» Problem to work on
Exclude images; transcribe the rest of the data exactly.

» Source material

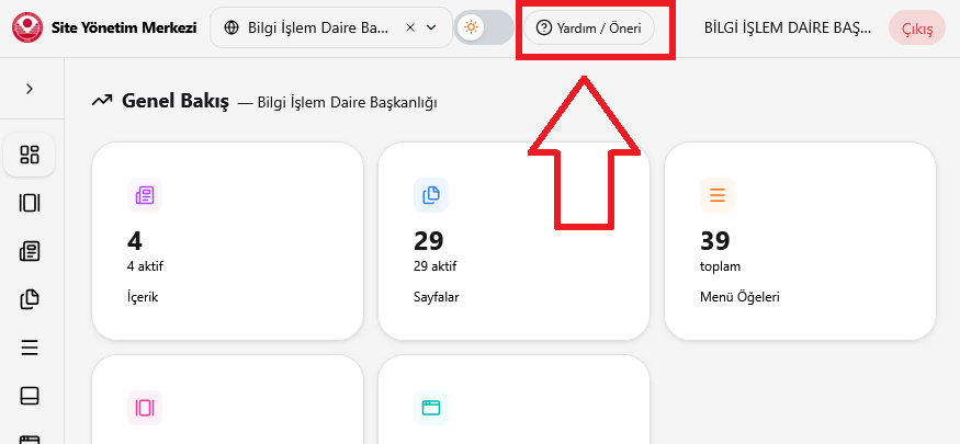 Yönetim panelinde sağ üst kısımda bulunan "Yardım/Öneri" butonuna tıklayarak destek taleplerinizi iletebilirsiniz.
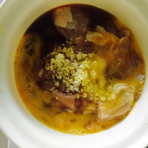 两瓣蒜切末,把鸡腿肉、蒜末、料酒两勺、鸡蛋、生抽两勺混合,鸡蛋打匀放入,揉捏一下。
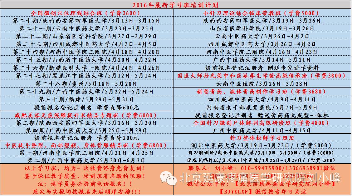 全国各地区省会城市不定期举办针刀、穴位埋线(疼痛 美容 减肥)、膏药等学习班;
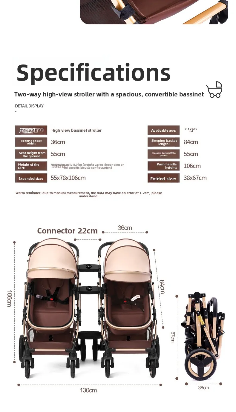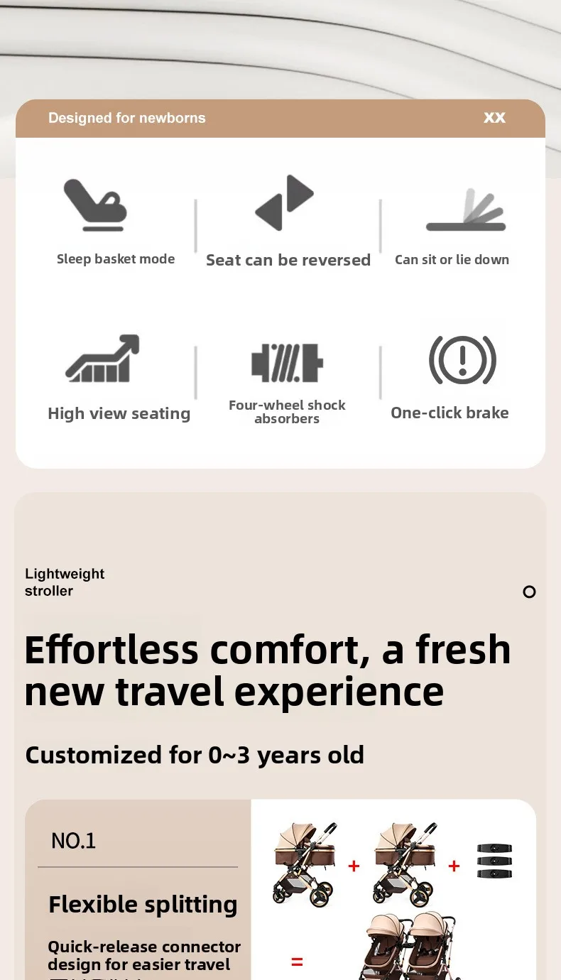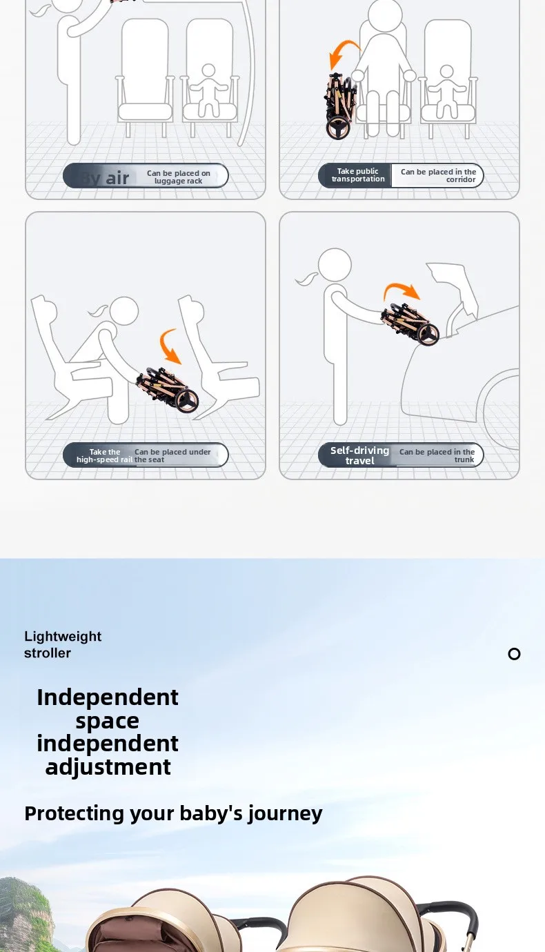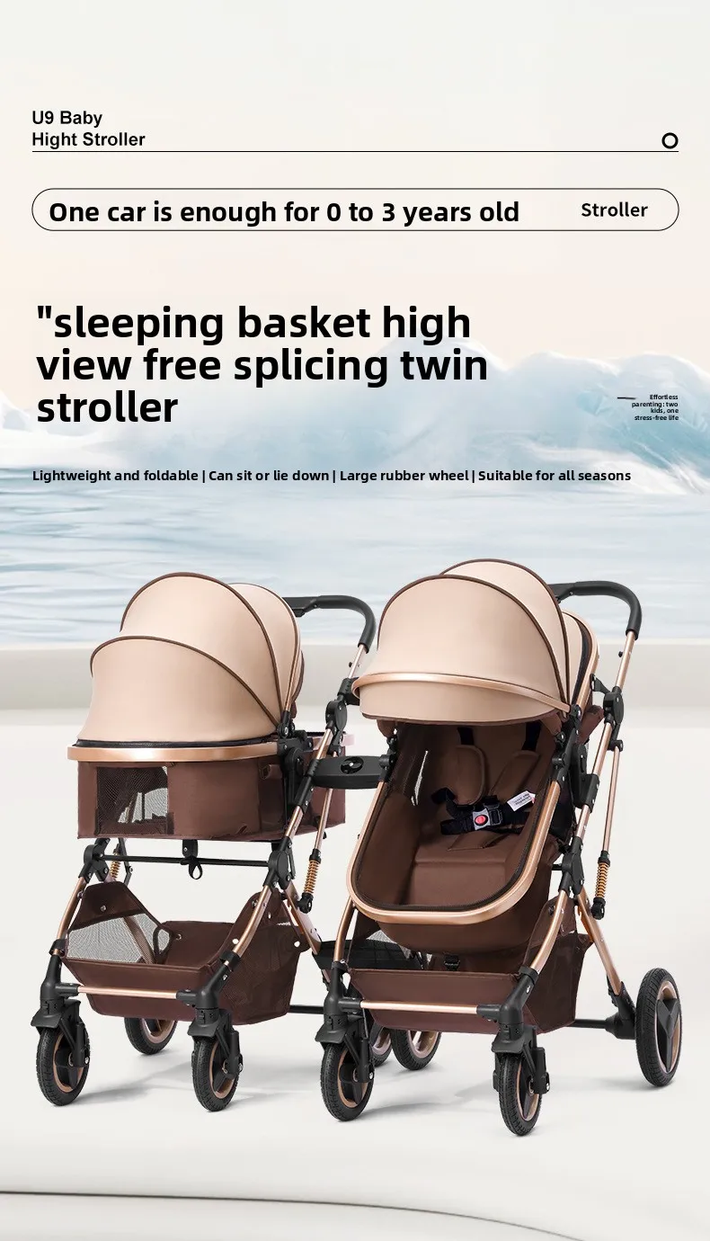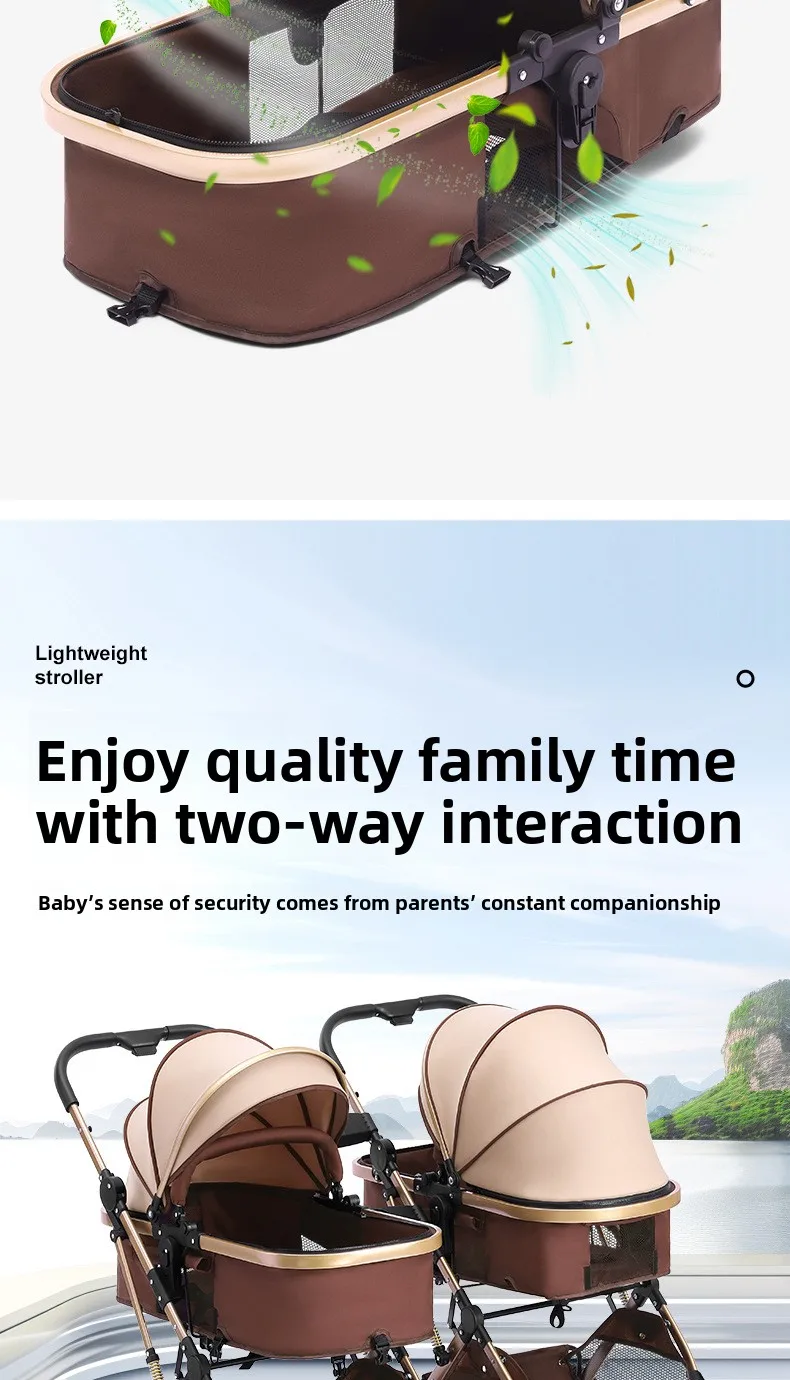 Comprar Cochecitos gemelos bidireccionales sentarse y acostarse divididos y plegados.
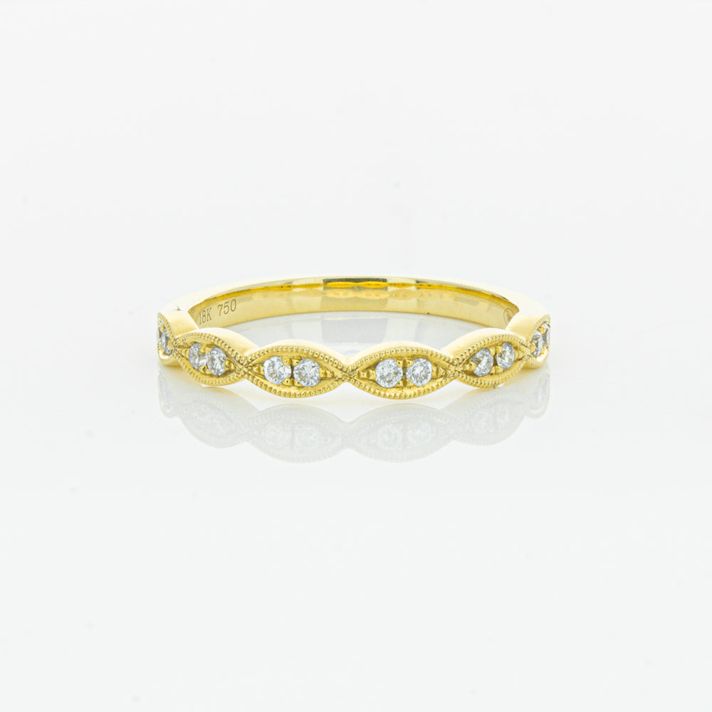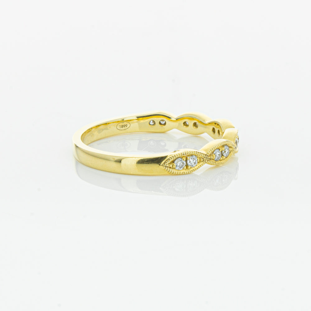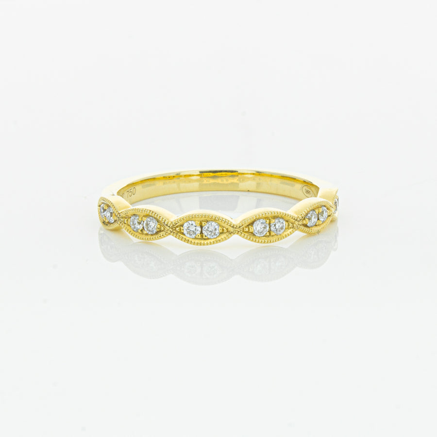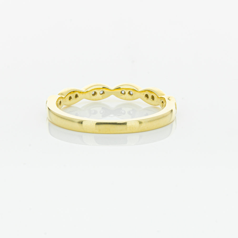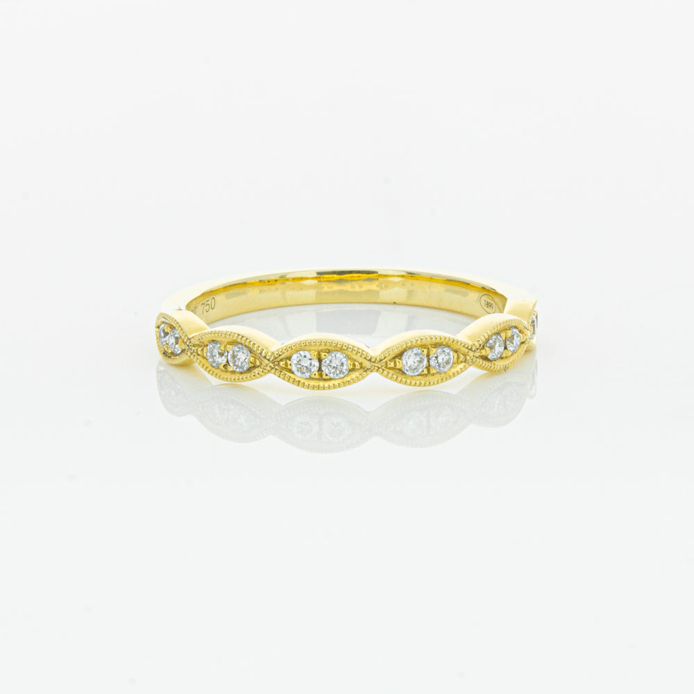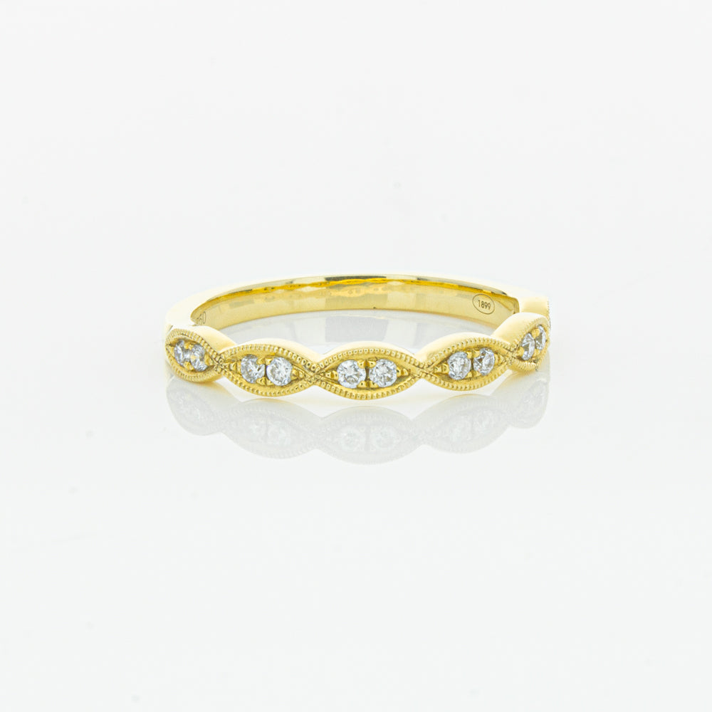 She will simply sparkle in this glittering 18ct yellow gold and diamond band. This elegant ring has been crafted with scalloped detailing, featuring twinkling round brilliant cut diamonds.
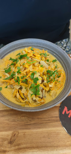 Un accueil chaleureux. Pas de hichis . Ici on cuisine. Pas un restaurant a Bobos. Un vrai restaurant de gourmets et de gourmands. La cuisinière, visiblement des pays de l est , une carte 50/50 des tendances cuisine française et juive. Peu de plats dans le menu, des suggestions du jour. On est parti pour un voyage savoureux. En entrée rillettes de crevettes : L'assiette est simple et efficace, mettant en valeur les rillettes. Le contraste entre le blanc des rillettes et le vert des herbes est très agréable. Texture: la texture est onctueuse et crémeus, idéale pour être tartinée sur du pain. Garniture: Les graines de grenade apportent une touche de couleur et de croquant, de douceur tandis que les herbes fraîches donnent une note de fraîcheur. Le pain semble frais et croustillant, parfait pour accompagner les rillettes. "Indéniablement une invitation au plaisir gustatif ! Ces rillettes de crevettes, avec leur texture onctueuse et leurs saveurs délicates, sont un véritable délice. Le mariage parfait entre la fraîcheur des herbes, le croquant des graines de grenade et la douceur des crevettes. Un incontournable à tester absolument ! Le plat 1 : Absolument magnifique ! Ce plat de sardines en papillon est délicieux et très bien présenté. Les sardines: Cuites à la perfection, elles ont une peau croustillante et une chair tendre. L'accompagnement: La purée de betterave colorée et acidulée contraste très bien avec la douceur de la pomme de terre écrasée. Le beurre d'ail apporte une touche gourmande. La garniture: Les herbes fraîches et les graines de grenade ajoutent une touche de fraîcheur et de couleur. Plat 2: Il y a une certaine incongruité entre la description textuelle. On parle de "boulettes de poireaux à la farine de matzo", de "pâte de blé dur toasté" et d'un plat "digne d'un grand chef". On voit un plat avec une sauce onctueuse de couleur jaune orangé, des tagliatelles (ou quelque chose de très similaire) et du persil haché comme garniture. La finalité se passe dans la dégustation et dans le plaisir. Le palais, les papilles revivent des goûts francs . Un vrai délice. On fini par une traditionnelle mousse au chocolat... Bonne accompagnée de feuilles de menthe... Tu marches tu manges... Du goût... Encore et toujours. Il faut absolument y venir se poser et prendre du plaisir...vaut plus qu un détour. Personnellement une des meilleures adresse de Paris en rapport...
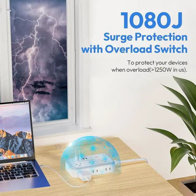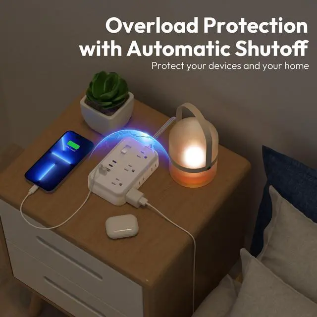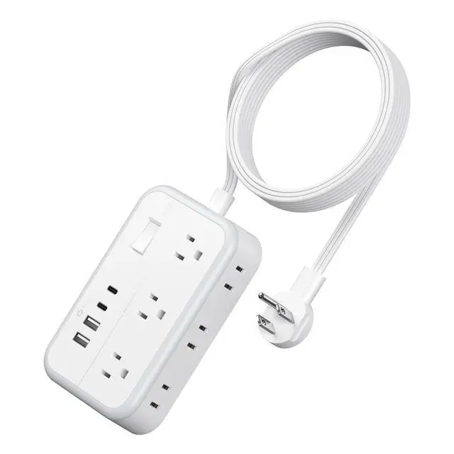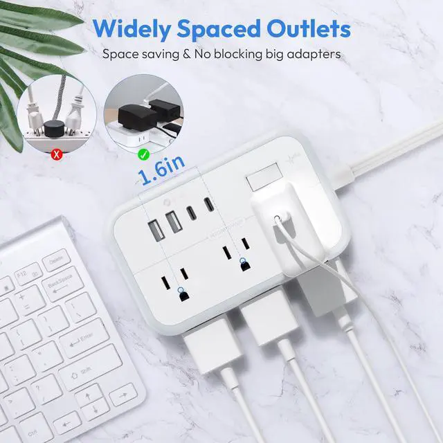 This flat power strip can support 10 devices simultaneously. Simple design and compact size, ideal for tabletop or bedside for home, office and Dorm Room.

» Task answer
 Yönetim panelinde sağ üst kısımda bulunan "Yardım/Öneri" butonuna tıklayarak destek taleplerinizi iletebilirsiniz.
 两瓣蒜切末,把鸡腿肉、蒜末、料酒两勺、鸡蛋、生抽两勺混合,鸡蛋打匀放入,揉捏一下。
 全国各地区省会城市不定期举办针刀、穴位埋线(疼痛 美容 减肥)、膏药等学习班;
 Comprar Cochecitos gemelos bidireccionales sentarse y acostarse divididos y plegados.
 She will simply sparkle in this glittering 18ct yellow gold and diamond band. This elegant ring has been crafted with scalloped detailing, featuring twinkling round brilliant cut diamonds.
 Un accueil chaleureux. Pas de hichis . Ici on cuisine. Pas un restaurant a Bobos. Un vrai restaurant de gourmets et de gourmands. La cuisinière, visiblement des pays de l est , une carte 50/50 des tendances cuisine française et juive. Peu de plats dans le menu, des suggestions du jour. On est parti pour un voyage savoureux. En entrée rillettes de crevettes : L'assiette est simple et efficace, mettant en valeur les rillettes. Le contraste entre le blanc des rillettes et le vert des herbes est très agréable. Texture: la texture est onctueuse et crémeus, idéale pour être tartinée sur du pain. Garniture: Les graines de grenade apportent une touche de couleur et de croquant, de douceur tandis que les herbes fraîches donnent une note de fraîcheur. Le pain semble frais et croustillant, parfait pour accompagner les rillettes. "Indéniablement une invitation au plaisir gustatif ! Ces rillettes de crevettes, avec leur texture onctueuse et leurs saveurs délicates, sont un véritable délice. Le mariage parfait entre la fraîcheur des herbes, le croquant des graines de grenade et la douceur des crevettes. Un incontournable à tester absolument ! Le plat 1 : Absolument magnifique ! Ce plat de sardines en papillon est délicieux et très bien présenté. Les sardines: Cuites à la perfection, elles ont une peau croustillante et une chair tendre. L'accompagnement: La purée de betterave colorée et acidulée contraste très bien avec la douceur de la pomme de terre écrasée. Le beurre d'ail apporte une touche gourmande. La garniture: Les herbes fraîches et les graines de grenade ajoutent une touche de fraîcheur et de couleur. Plat 2: Il y a une certaine incongruité entre la description textuelle. On parle de "boulettes de poireaux à la farine de matzo", de "pâte de blé dur toasté" et d'un plat "digne d'un grand chef". On voit un plat avec une sauce onctueuse de couleur jaune orangé, des tagliatelles (ou quelque chose de très similaire) et du persil haché comme garniture. La finalité se passe dans la dégustation et dans le plaisir. Le palais, les papilles revivent des goûts francs . Un vrai délice. On fini par une traditionnelle mousse au chocolat... Bonne accompagnée de feuilles de menthe... Tu marches tu manges... Du goût... Encore et toujours. Il faut absolument y venir se poser et prendre du plaisir...vaut plus qu un détour. Personnellement une des meilleures adresse de Paris en rapport...
 This flat power strip can support 10 devices simultaneously. Simple design and compact size, ideal for tabletop or bedside for home, office and Dorm Room.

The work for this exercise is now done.